Senator for Kitui County
- Incumbent
- Assumed office 28 March 2013- August 2017

Assistant Minister of State for Defence
- In office 17 April 2008 – 10 April 2013

Member of Parliament for Mwingi South Constituency
- In office 3 February 1998 – 14 January 2013
- Succeeded by: (abolished)

Deputy Speaker of the National Assembly of Kenya
- In office 9 January 2003 – 22 October 2007
- President: Mwai Kibaki
- Preceded by: Joab Omino
- Succeeded by: Farah Maalim

Personal details
- Born: 24 February 1943 (age 83) Kenya
- Party: WDM-K
- Children: 4
- Alma mater: Bishop College (BA)

= David Musila =

Kenyan politician

David Musila (born 24 February 1943) is a Kenyan politician. He belongs to the Wiper Democratic Movement and was elected to represent Mwingi South Constituency in the National Assembly of Kenya in the Kenyan parliamentary election of 1997. In 2013 he was elected as the first senator representing Kitui County.

== Early education ==
Musila attended Maseno School for his high school education.

==Career==
After graduating from Bishop College, Texas with an Honors degree in Economics and Government in 1968, Musila returned to Kenya and enrolled in the government. He was appointed as District Officer (D.O) and was posted in Nakuru and later Molo. He rose to the position of District Commissioner in 1974 before serving as Deputy Provincial Commissioner in 1978. He was appointed Provincial Commissioner for Central Province by President Daniel Arap Moi in 1979, a post which he retained until 1985, after which he was appointed Director of Tourism in the Ministry of Wildlife and Tourism. He retired from the civil service in 1988. He served as consultant on tourism for the World Tourism Organisation until 2010.

==Political life==
In 1997 he was elected as a KANU MP and retained his seat after moving to the LDP wing of NARC in 2002. He was re-elected in Mwingi south and elected Deputy-Speaker in the 2003 Parliament and defended his seat in the 2007 elections on a ODM-K ticket. In April 2008 he was appointed as assistant minister of Defence by President Mwai Kibaki where he served until 2013. He was elected as the first senator of Kitui County on March 4, 2013 by garnering 156,690 votes.
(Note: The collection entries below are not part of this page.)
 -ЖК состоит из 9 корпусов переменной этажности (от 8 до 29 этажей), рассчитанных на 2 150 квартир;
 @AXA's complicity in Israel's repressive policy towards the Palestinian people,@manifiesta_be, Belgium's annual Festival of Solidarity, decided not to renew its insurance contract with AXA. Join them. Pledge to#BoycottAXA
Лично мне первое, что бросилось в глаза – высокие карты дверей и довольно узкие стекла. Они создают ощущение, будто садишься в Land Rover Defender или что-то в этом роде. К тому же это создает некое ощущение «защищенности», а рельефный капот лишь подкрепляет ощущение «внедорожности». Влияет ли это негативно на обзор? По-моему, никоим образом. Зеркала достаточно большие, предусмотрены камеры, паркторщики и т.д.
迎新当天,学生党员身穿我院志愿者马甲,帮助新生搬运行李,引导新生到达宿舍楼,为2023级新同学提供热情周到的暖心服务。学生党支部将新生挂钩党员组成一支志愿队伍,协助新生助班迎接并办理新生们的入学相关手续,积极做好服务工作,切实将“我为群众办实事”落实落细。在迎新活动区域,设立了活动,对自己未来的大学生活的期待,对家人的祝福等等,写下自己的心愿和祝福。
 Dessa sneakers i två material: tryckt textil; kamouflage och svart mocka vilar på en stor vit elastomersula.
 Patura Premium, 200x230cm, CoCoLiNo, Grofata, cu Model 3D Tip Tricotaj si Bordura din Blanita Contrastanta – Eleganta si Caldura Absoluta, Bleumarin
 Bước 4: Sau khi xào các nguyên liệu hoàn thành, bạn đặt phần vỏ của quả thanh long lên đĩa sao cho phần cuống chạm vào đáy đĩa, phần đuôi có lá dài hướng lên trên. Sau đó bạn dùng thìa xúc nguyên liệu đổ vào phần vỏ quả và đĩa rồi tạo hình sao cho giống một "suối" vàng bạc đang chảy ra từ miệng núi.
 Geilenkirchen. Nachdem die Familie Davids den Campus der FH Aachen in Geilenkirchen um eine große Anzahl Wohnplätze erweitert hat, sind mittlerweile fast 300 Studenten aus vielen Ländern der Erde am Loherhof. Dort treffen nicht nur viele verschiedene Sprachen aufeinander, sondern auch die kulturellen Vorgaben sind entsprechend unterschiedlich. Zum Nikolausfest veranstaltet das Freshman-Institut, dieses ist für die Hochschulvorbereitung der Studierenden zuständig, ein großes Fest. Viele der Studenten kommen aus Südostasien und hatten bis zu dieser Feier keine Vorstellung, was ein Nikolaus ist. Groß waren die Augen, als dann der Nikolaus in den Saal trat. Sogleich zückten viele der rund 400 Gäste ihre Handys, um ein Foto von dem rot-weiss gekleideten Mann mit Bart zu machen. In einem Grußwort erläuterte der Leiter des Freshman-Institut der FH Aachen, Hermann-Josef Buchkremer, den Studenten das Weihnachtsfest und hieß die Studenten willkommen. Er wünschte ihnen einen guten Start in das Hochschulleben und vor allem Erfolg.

He served in the Senate Committee on Energy, Roads and Transport. Musila also served in the Parliamentary Service Commission as Chairman of Security & Development Committee, member of audit committee of the Commission, Staff Welfare Committee of the Commission. The former senator also served as chairman of Wiper Democratic Movement Kenya until his resignation.

Hon. David Musila is the author of a book titled "Seasons of Hope" that is a written memoir of his life as a public servant.

He is the chairperson of the David Musila foundation.